Take away the carbs and your body switches to fat because survival, and, even if your calories in exceed your calories out on a ketogenic diet, your body will still be in ketosis and the pee strips will change colors even though your body is not losing any fat. Fat is THE easiest macronutrient to overeat.  This is because fat has more than double the calories of carbs or protein.  When foods have lots of calories in small packages the calories add up very quickly.

If you put enough butter in your coffee you can gain body fat while losing weight during the first few weeks of a ketogenic diet. If a ketogenic diet, or any diet, helps you lose fat it is because it helps you eat fewer calories. Keto diets worked a lot better a long time ago…

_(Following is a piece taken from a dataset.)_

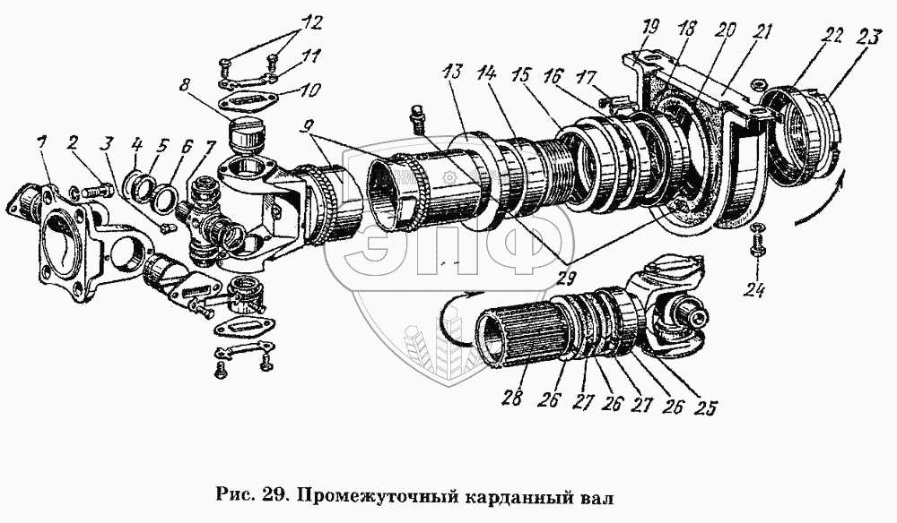 Каталог запасных частей к технике: ГАЗ-53 А. Промежуточный карданный вал

But weren’t the Inuit Keto and healthy?
Yes, as far as we know, the Inuit (Eskimos) did eat a ketogenic diet, and seemed to be healthy. If our assumptions about what they ate, and their ancestral health are correct, that doesn’t mean that adding the Inuit version of a turducken to your diet will cause you to lose weight, or be healthy.  The Inuit turducken, therefore original inspiration for the turducken, was called kiviak, and was several hundred birds stuffed inside of a seal that was left to ferment under a rock for a few months.  Apparently seals are much larger than I imagined they were, and, also, they put the whole bird in there – feathers, beaks and all.

The reason they ate kiviak, and considered it a winter delicacy, is because they didn’t have any other choices.  Fermentation helped preserve food for the winter when hunting was even more difficult, and they had no grocery stores or restaurants or keto-candy bars available.

The most coveted part of the kiviak was the heart.  Think about that.  To you and I this sounds horribly disgusting, and, well, it probably is.  You and I would probably need to be 14 days without any food to be like, “yeah… um… ok, so, like, I guess I’ll eat that fermented seal heart from the other week…” and we’d probably still gag.  And there’s no way in hell that you or I would be overeating fermented beaks.

What’s the point of all this gross talk?  Number one, I’m mostly a large child, so I enjoy grossing people out.  Number two, it’s to point out the real secret to Inuit health on a ketogenic diet: caloric balance.  When the best tasting food of your whole year is a fermented seal heart (that also smells like dead birds) you’re just not ever going to overeat relative to your energy needs.

You can’t replicate the benefits of one of the very few ancient ketogenic diets if you can buy keto cookies, ribeyes, or, even butter.  When you have unlimited access to delicious foods you can’t have the benefits that come from zero access to delicious food.

But, what about Paleo?
Paleolithic humans ate carbs whenever they could.  At the Arctic circle the Inuit has access to none, so they ate none, but the rest of the planet is very different.  The assumption of best-selling authors that paleolithic humans were carnivores who rarely ate carbs is wrong.  Research from preserved ancient human poop, ancient camp sites, and studying the few non-industrialized humans that are still alive show that humans eat carbs. We eat meat and fish too, and we also find starchy roots, wild yams, wild grains, etc, and we eat them every day if we can.

Bottom Line
Ketogenic diets suck for most people because they don’t mix well with anything, make most people feel like shit, often suppress thyroid function, and the high saturated fat content pushes cholesterol to unhealthy levels.  Keto diets also emphasize eating the highest fat foods available which is disastrous when people inevitably break down and have any source of carbohydrates.  Because a ketogenic diet requires perfection at a minimum, they will fail essentially everyone because nobody will be perfect forever.